◆ Description of the task: Apart from pictures, transcribe exactly each line from the one containing "- Crevette tempura, avocat, concombre, wagyu" through the final line of the listing below.

"""

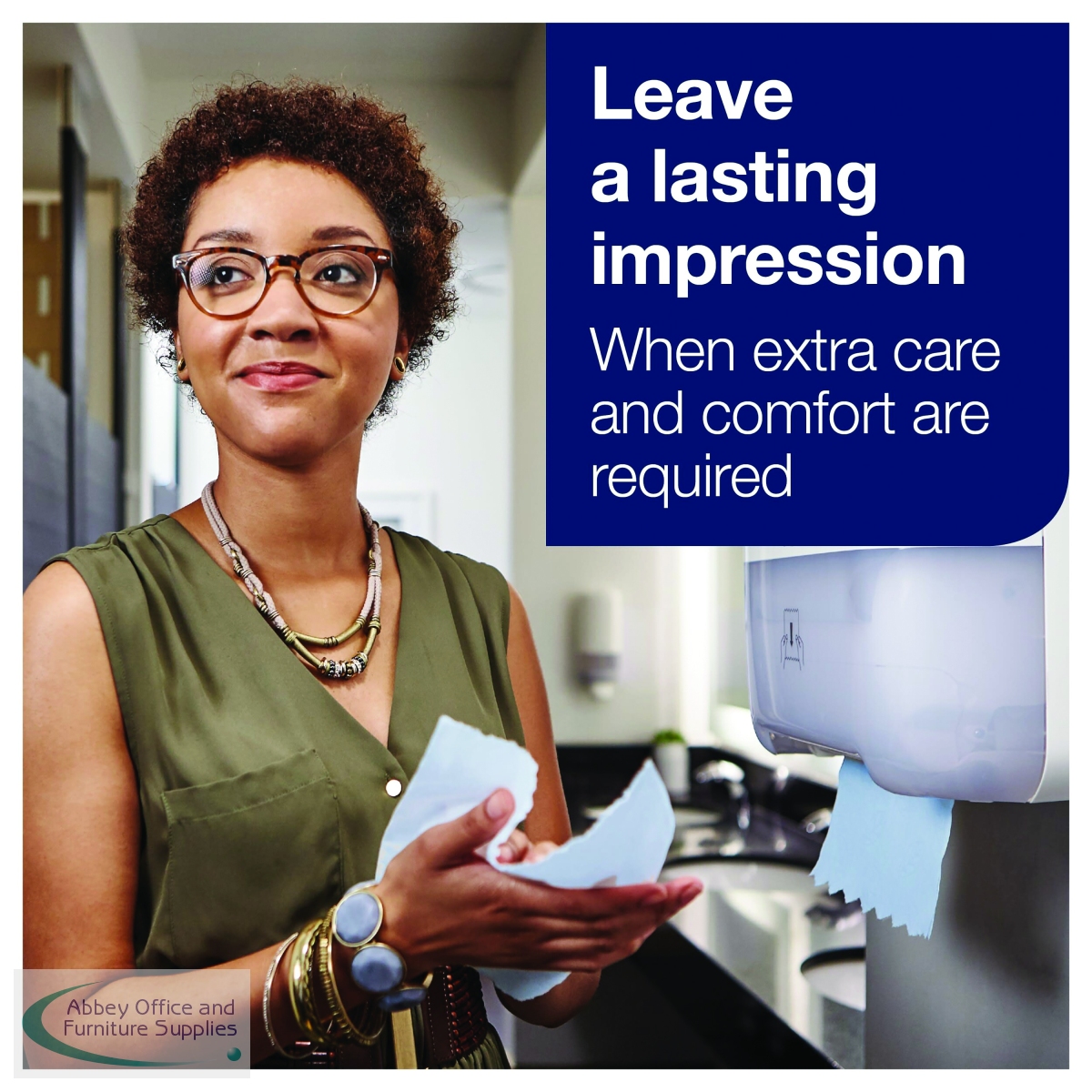 These premium soft hand towel rolls are suitable for use with Tork Matic dispensers to create a hygienic dispensing system suitable for all washrooms. The large, soft 2-ply sheets with embossed edges are dispensed one at a time to reduce consumption and waste. Due to the Food Safety Label and the traceability of the paper, the hand towels are ideal for gastronomic businesses and those working with food. This pack contains six blue 150 metre long rolls for long lasting use.
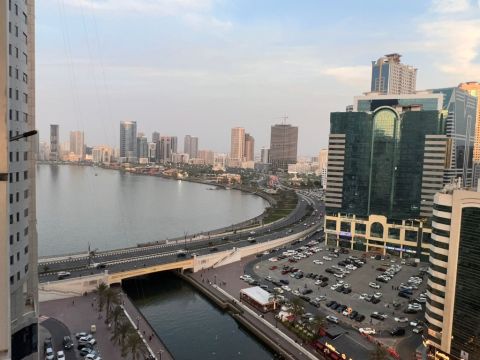 Price AED50000 Yearly (4 Payments) Apartment for rent in Al Majaz 3. bedrooms + living room, 3 bathrooms, kitchen, and 3 balconies. Second row from Khalid Lagoon, close to Etisalat. Security Deposit Cash Prime location near the lagoon and all services
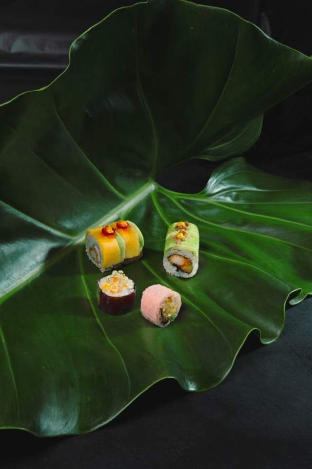 - Crevette tempura, avocat, concombre, wagyu tataki, teriyaki, vene cress, miso seché à la truffe
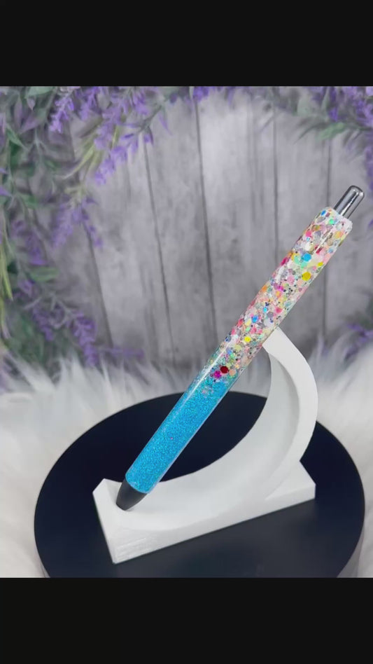 Handmade Neon Blue and Chunky Party mix Ombre glitter pen with free refill
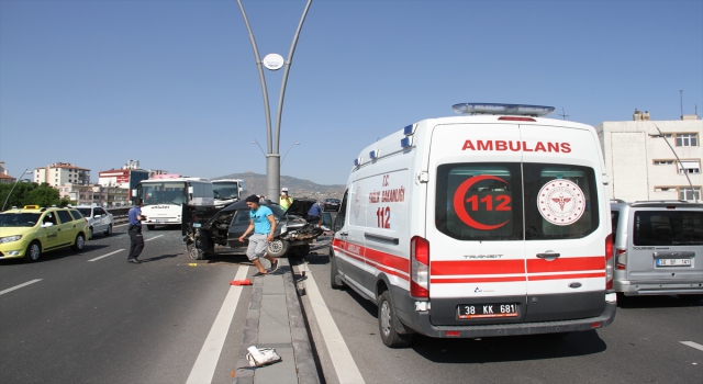 Alınan bilgiye göre, E.S. yönetimindeki 38 KH 214 plakalı otomobil, merkez Kocasinan ilçesi Kocasinan Bulvarı'ndaki üst geçitte, Ö.A'nın kullandığı 38 YZ 160 plakalı otomobille çarpıştı. Çarpışmanın etkisiyle savrulan Ö.A'nın aracı, refüjde bulunan aydınlatma direğine çarparak durabildi.
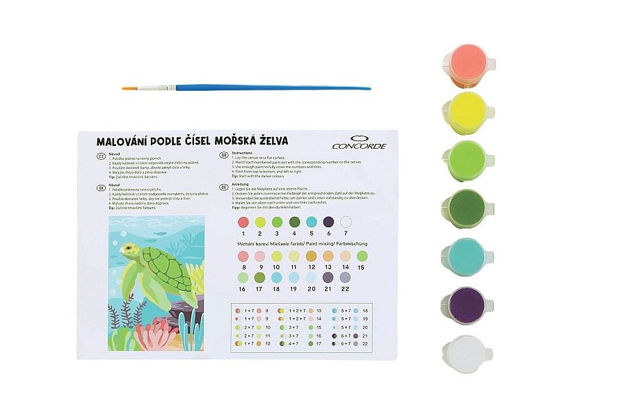Számozott festés CONCORDE Tengeri teknős egy népszerű kreatív készlet gyerekeknek és felnőtteknek, amely kikapcsolódást és alkotási élményt nyújt. Ha számozott festés tengeri teknős készletet keres, ez ideális választás.

"""

◆ Answer section:
 - Crevette tempura, avocat, concombre, wagyu tataki, teriyaki, vene cress, miso seché à la truffe
 Handmade Neon Blue and Chunky Party mix Ombre glitter pen with free refill
 Alınan bilgiye göre, E.S. yönetimindeki 38 KH 214 plakalı otomobil, merkez Kocasinan ilçesi Kocasinan Bulvarı'ndaki üst geçitte, Ö.A'nın kullandığı 38 YZ 160 plakalı otomobille çarpıştı. Çarpışmanın etkisiyle savrulan Ö.A'nın aracı, refüjde bulunan aydınlatma direğine çarparak durabildi.
Számozott festés CONCORDE Tengeri teknős egy népszerű kreatív készlet gyerekeknek és felnőtteknek, amely kikapcsolódást és alkotási élményt nyújt. Ha számozott festés tengeri teknős készletet keres, ez ideális választás.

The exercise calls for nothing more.